Milestone 2: Exploratory Data Analysis and Regression
Overview and Objectives
The primary objective of this project will be to provide an in-depth analysis of data through the lens of regression analysis. Modern research looks at the interaction between a multitude of variables to provide conclusions based on experimental data. You will have the opportunity to explore a few realistic regression models and provide conclusions on them based on your own observations.
You will also observe a few measures of central tendency of the data. You will gain an understanding of the distribution of data through identifying the standard deviation and quartiles of your data set. You will then use these measures of central tendency to identify outliers in your data and determine whether they should be omitted in your regression.
You’ll also make inferences based on your regression data and determine which variables are significant in your model. This will help you identify the independent variables that adequately explain the variance in your model. The techniques you apply in this project will hopefully form the foundation of future research and exploration.
Part One: Brain Size
Excel Tasks: In the tab labelled brain size, please compute the following on your Excel sheet using the Head Size column.
Five Number Summary
Interquartile Range and Lower/Upper Limits for Outlier
Identify whether any of the values are outliers
Next follow then next steps to create your scatterplot:
Create a scatterplot that shows the relationship between head size and brain weight. Be sure to include your equation/r-squared value in your scatterplot.

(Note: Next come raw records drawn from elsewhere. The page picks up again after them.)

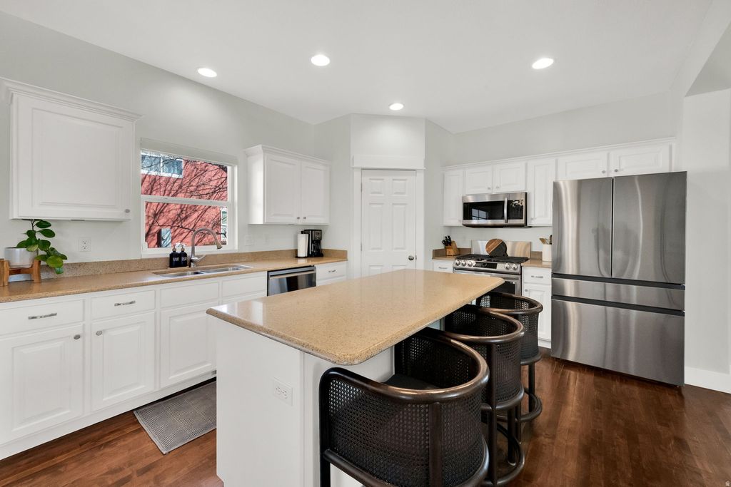 Come home to stylish and comfortable living in this 6 bedroom 4 bath gem. Charming throughout, this was the first home ever occupied in Daybreak! It was paced on the perfect corner .20 acre lot with close proximity to the main community center and Daybreak Elementary. Fully fenced yard showcases many perennials, secluded covered patio and private driveway (trampoline included). Many upgrades within the past 3 years include new roof new exterior paint, lighting and welcoming front door. All new kitchen appliances, new furnace, and central air. Upstairs windows replaced with UV resistant windows. Motorized shades in main living area. Oversized 2 car garage offers extra storage and epoxied floors. Google fiber is available in this area of Daybreak. Huge storage room in 100% finished basement. Pride of ownership on full display!
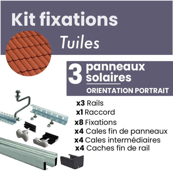 Ce kit a spécialement été conçu pour fixer jusqu'à 3 panneaux solaires sur des tuiles mécaniques. Il permettra une attache sûre et solide de vos panneaux sur votre toit.
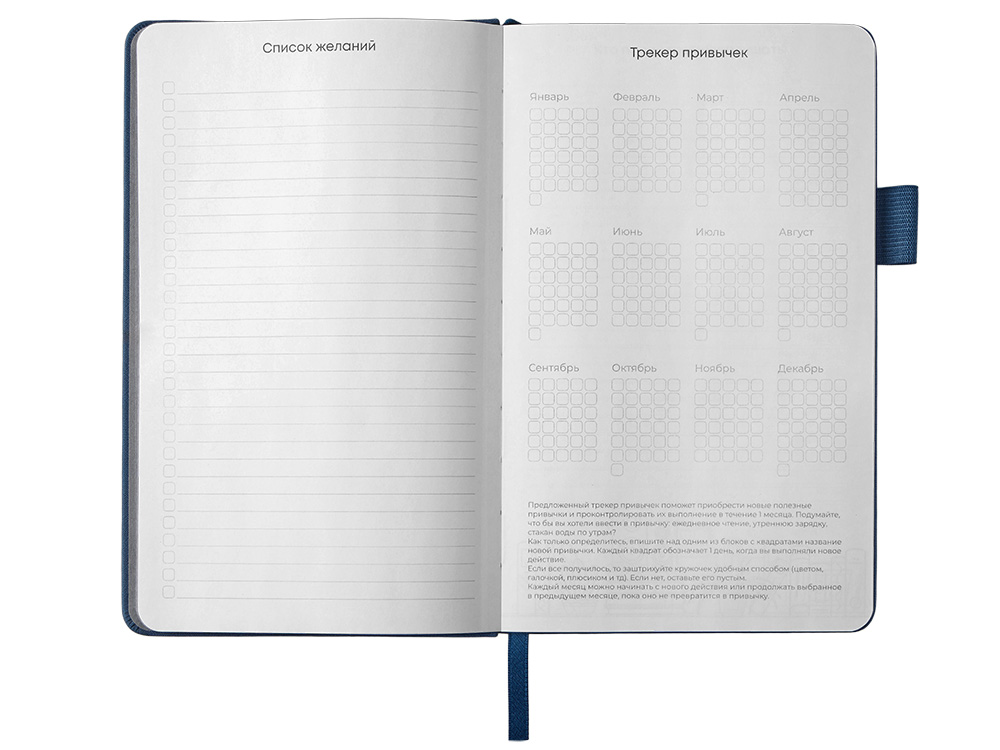 Стильный блокнот в твердой обложке из текстурной искусственной кожи, приятной на ощупь. 96 очень приятных на ощупь листов повышенной гладкости с FSC-сертификатом обеспечивают комфортное письмо и аккуратный вид записей. Необычный для блокнота вводный блок включает трекер привычек, списки книг и фильмов, а также 4 страницы для раскрашивания с картинками и мандалами. Продуманные детали — резинка для закрытия, петля для ручки и ляссе — делают использование максимально удобным. Благодаря конверту для мелочей вам всегда будет куда положить визитки, записки и другие мелочи. Идеальный вариант для выстраивания баланса между работой и отдыхом.

Use the Excel Regression tool to create a Residual vs. Fitted plot for your data and copy your plot on the original tab. *don’t forget to adjust your x-axis
Analysis of Results: please respond in 2-4 complete sentences to each question.
What kind of relationship exists between head size and brain weight?
Are the outlier(s) of the data set reasonable? Should you omit them?
Do you think the other variables would be significant in predicting brain weight along with head size? Why?
Part Two: Infection Risk in Hospitals
Excel Tasks: Using the Infection Risk dataset determine the following measures of central tendency.
Mean
Median
Mode
Standard deviation
Once you’ve found these measures, find a regression model that predicts the infection risk of patients using the other data recorded:
Determine which columns might influence the chance that a patient is infected while they are in the hospital.
Run a multiple regression that creates a model that predicts the infection risk of a patient using the columns you indicated.
Analysis of Results: please respond in 2-4 complete sentences to each question.
What is the typical age of a participant of this study? What is the range of patient ages that are within three standard deviations of the mean?
What variables will you use from the data to predict infection risk?
Is your regression model a good predictor of infection risk? Are all of the variables you selected statistically significant?
Part Three: Using Medical Expenses to Project Insurance Rates
Excel Tasks: Using the Medical Expenses dataset, please compute the following in Excel.
Calculate mean, standard deviation, and the z-score for each individual value.
Use this data to determine whether the values are outliers.
Use the Countif function to find how many outliers there are in your data.
Next create a regression model that will predict medical expenses by the other variables listed in each column.
Analysis of Results:
Are all the variables statistically significant in predicting the medical expenses of a patient?
What equation would you use to predict the medical expenses of a patient who is not part of this sample?
Use the equation from (2) to predict the medical expenses of someone who is 34, female, 32 BMI, 2 children, and a smoker.
Do you think this model would accurately predict the medical costs of a patient given the following information? If not, what additional predictors could the model include to improve the prediction? Could the data be adjusted to be more meaningful?